┌─ Records for this exercise

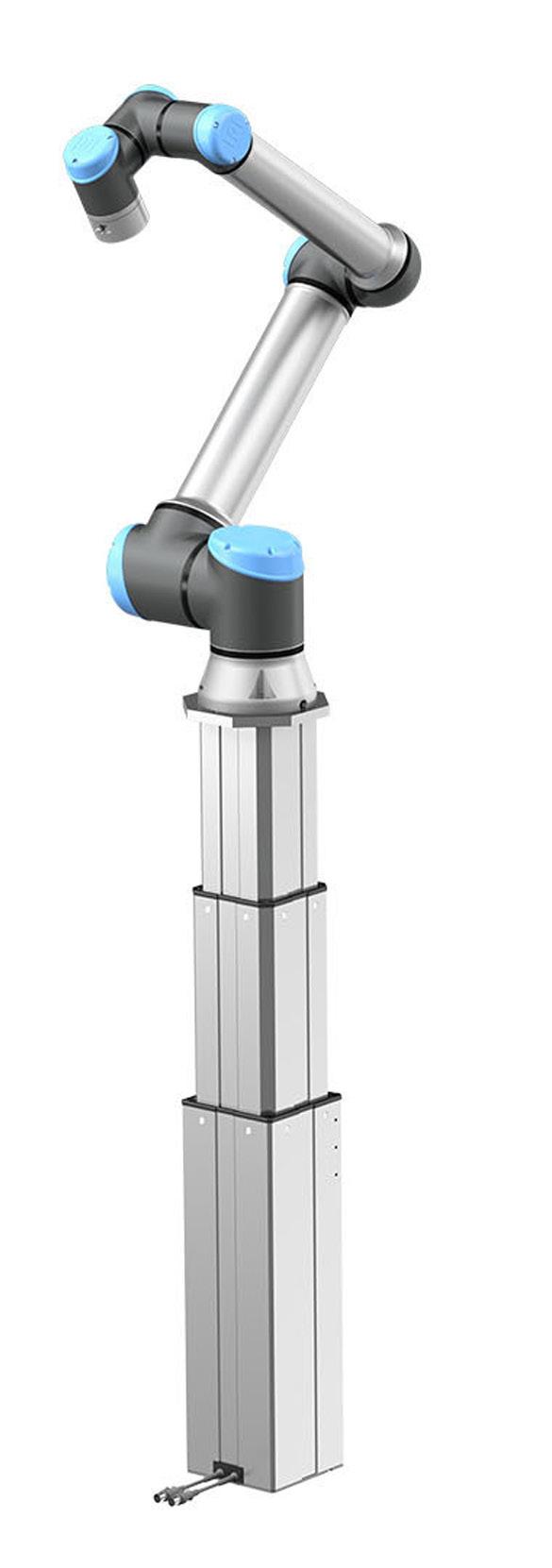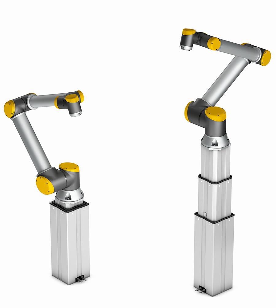 Las columnas verticales de diseño telescópico se pueden montar en el suelo o en el techo, de modo que un cobot pueda operar
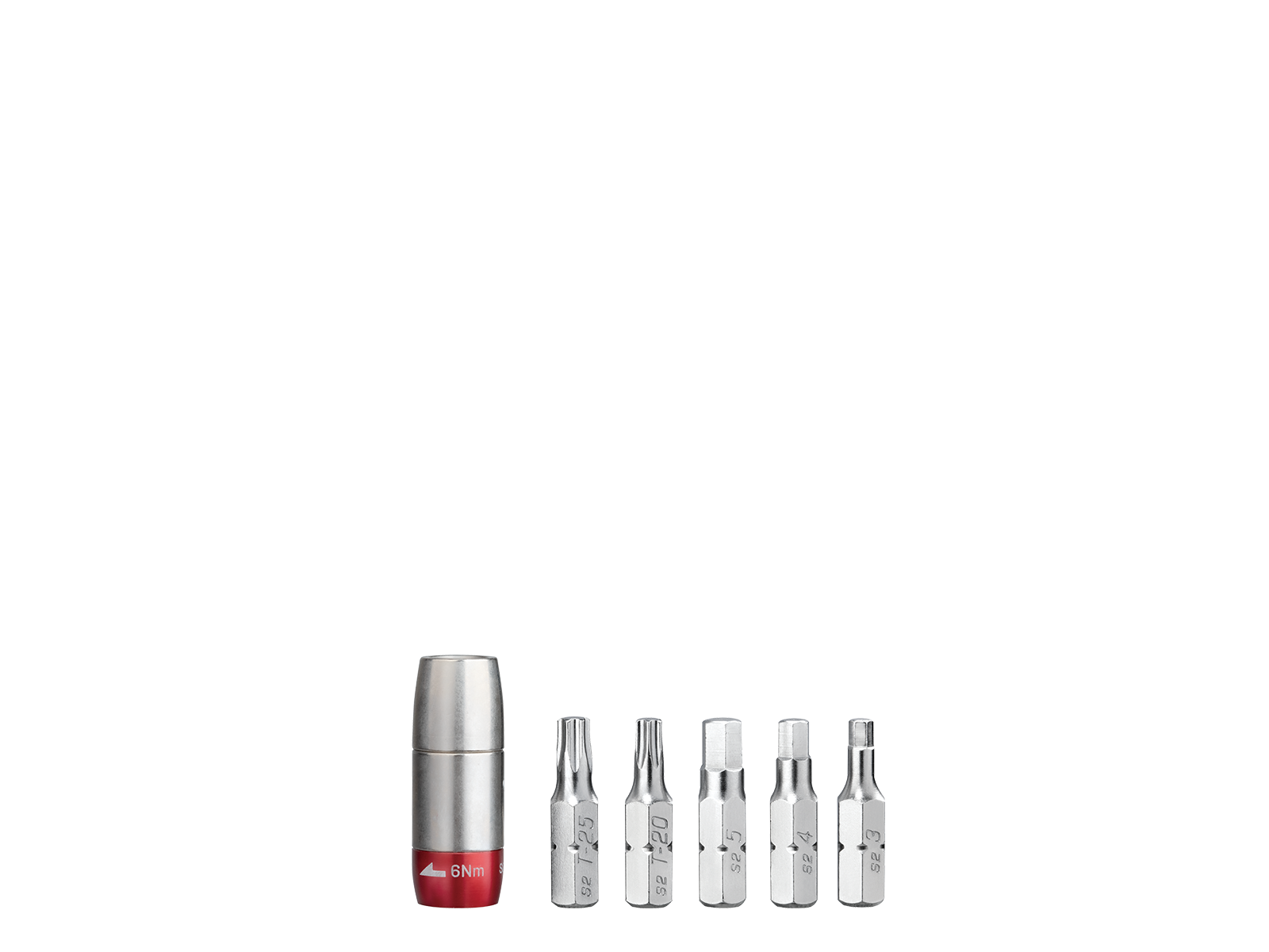 This preset 6Nm TorqSocket kit will work with any mini tool containing a 5 mm Allen wrench (or single 5 mm Allen wrench). Its advanced torque limit release design consistently applies precise torque values on component bolts for safety and prevents damage to expensive carbon parts. A carry case neatly stores one preset 6Nm and the 5 most popular tool bits (3 / 4 / 5 mm hex & T20 / T25 Torx®).
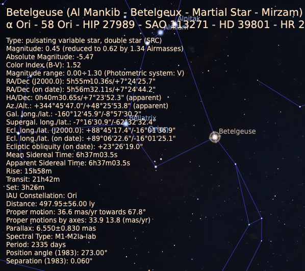 La première étape pour fabriquer la maquette est d’ouvrir Stellarium et de noter la distance à la Terre de chaque étoile de la constellation. Pour cela, il suffit simplement de cliquer sur l’étoile choisie et ses informations apparaitront. Par exemple pour Betelgeuse, nous noterons « Distance : 497,95 ly (années lumière) ». Pour Orion, seule les Sept plus brillantes, formant le « sablier », seront choisies.
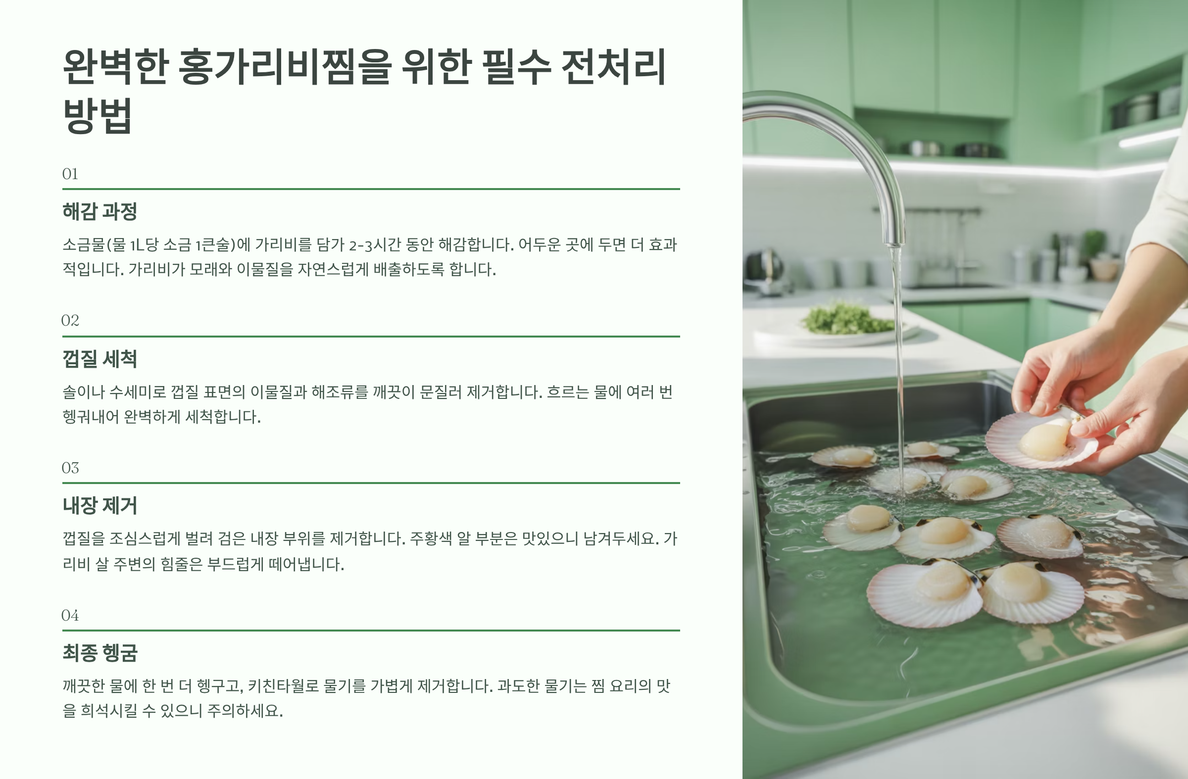 2. 완벽한 홍가리비찜을 위한 필수 전처리(해감 및 세척) 방법 🧼
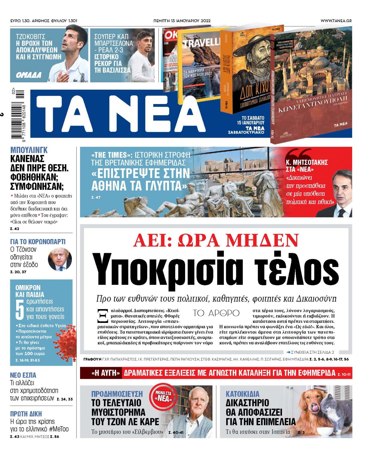 Στα ΝΕΑ της Πέμπτης – Υποκρισία τέλος
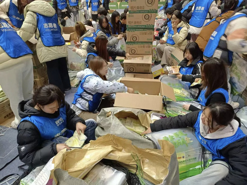 赛前,志愿者们细心地分装参赛包、完赛包,为选手们备好奔赴赛道的“第一份礼物”。
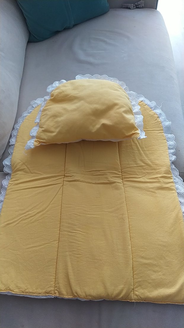 Diger markasına ait, pastel sarı renkte, beyaz dantel kenarlı yumuşak bebek uyku seti. alt açma minderi yastığı sayılı kullanılmıştır
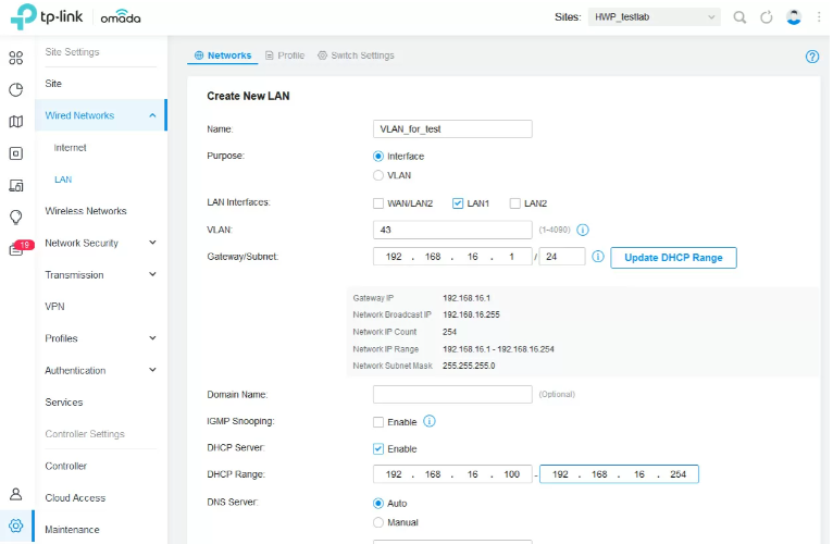 У нашому випадку почнемо з облаштування віртуальних мереж, VLAN в меню редагування об'єкта (сайту) в розділі Дротові мережі (Wired Networks). TP-Link Omada дозволяє налаштувати VLAN двома способами: перший – це просто віртуальна мережа, цей поділ використовуватиметься на комутаторах. Другий - це конфігурація сегментів підмережі на шлюзі доступу з власними діапазонами IP-адрес і DHCP-серверів, що дає можливість відразу ідентифікувати клієнта в потрібній віртуальній мережі і писати в заданий діапазон IP.
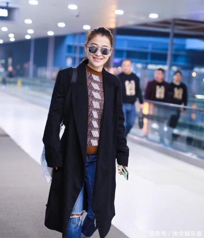 黑大衣配上破洞牛仔裤,这搭配让人有点没想到,毕竟黑大衣是冷天穿的,破洞牛仔裤却多是夏天流行。
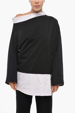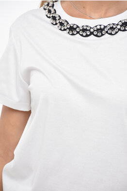 T-Shirt Girocollo in Cotone con Fodera in Popeline
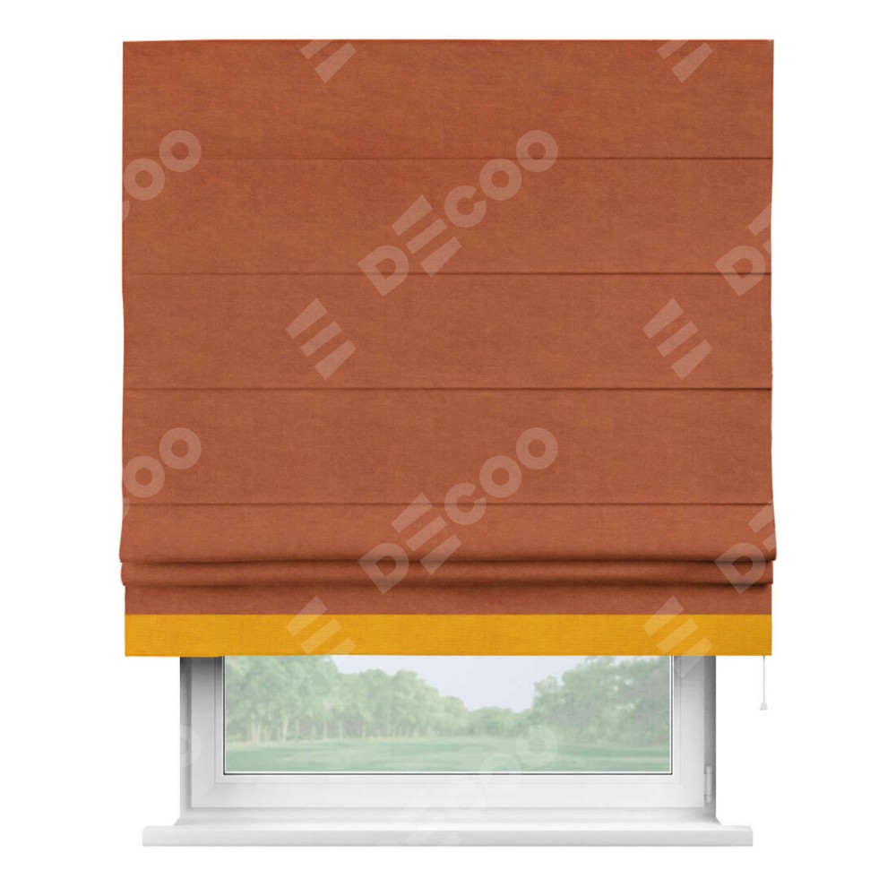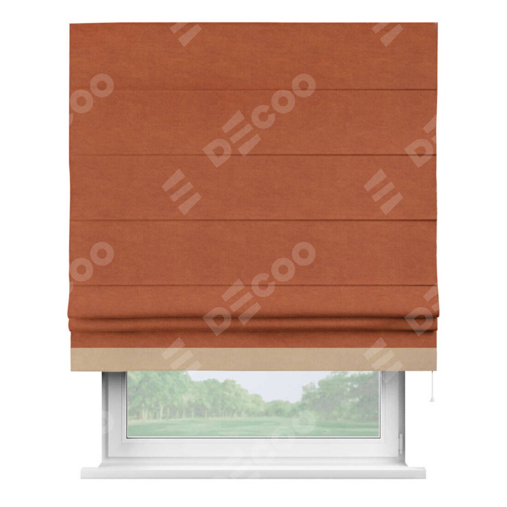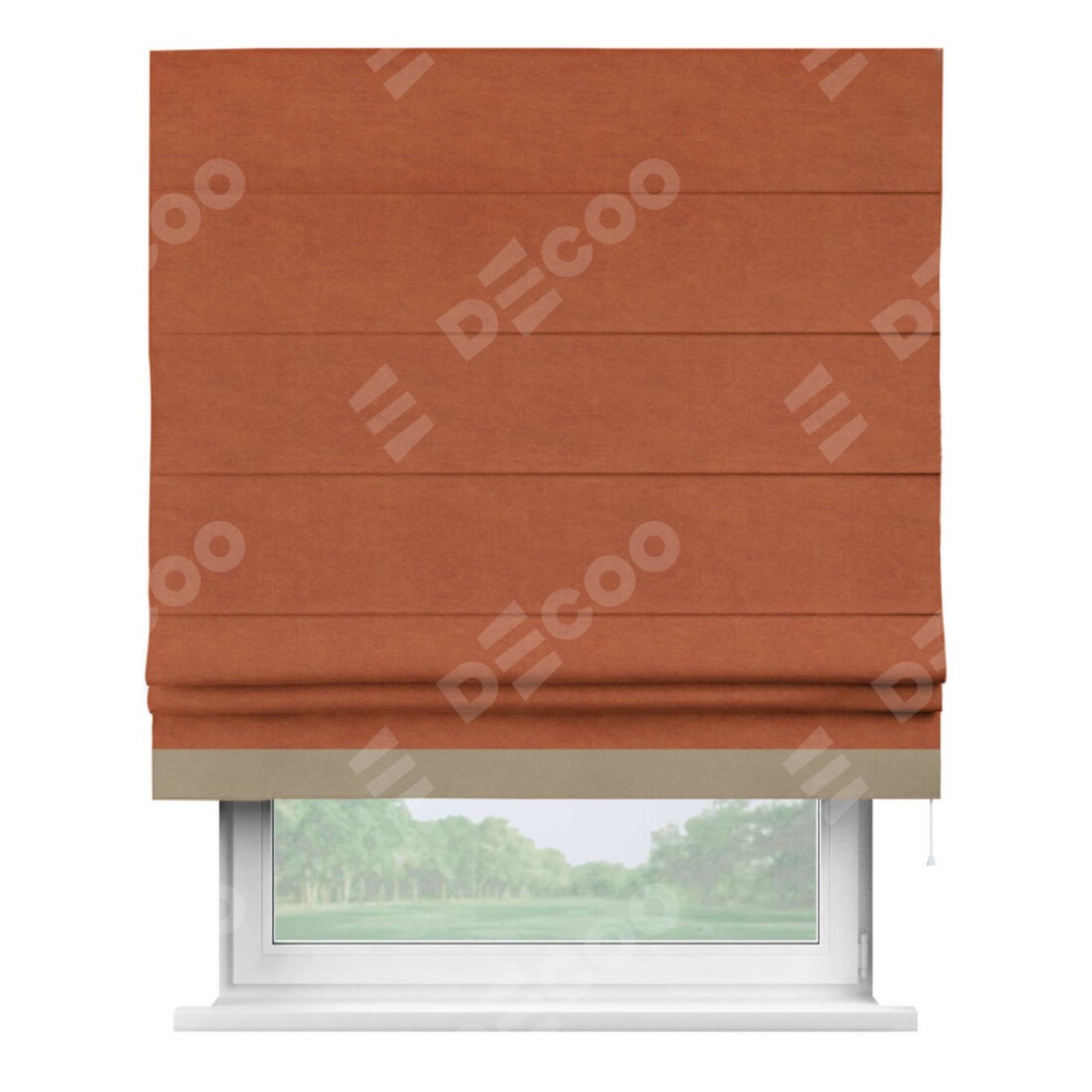 Римская штора производителя «Cortin», используется для проёма, пошита из ткани вельвет терракотовый, артикул ткани 85548. Отделка шторы кантом «Джестер», ткань для канта используется из вельвета разной расцветки на выбор. Имеет универсальный механизм и подходит для монтажа: на потолок, на стену и в нишу.

└─

§ **Assignment**: Of all the material above, only the lines from the one that has "黑大衣配上破洞牛仔裤,这搭配" down to the one that has "T-Shirt Girocollo in" are to be written out, exactly and with both ends included. Pictures are skipped.

§ **Expected answer**:
 黑大衣配上破洞牛仔裤,这搭配让人有点没想到,毕竟黑大衣是冷天穿的,破洞牛仔裤却多是夏天流行。
 T-Shirt Girocollo in Cotone con Fodera in Popeline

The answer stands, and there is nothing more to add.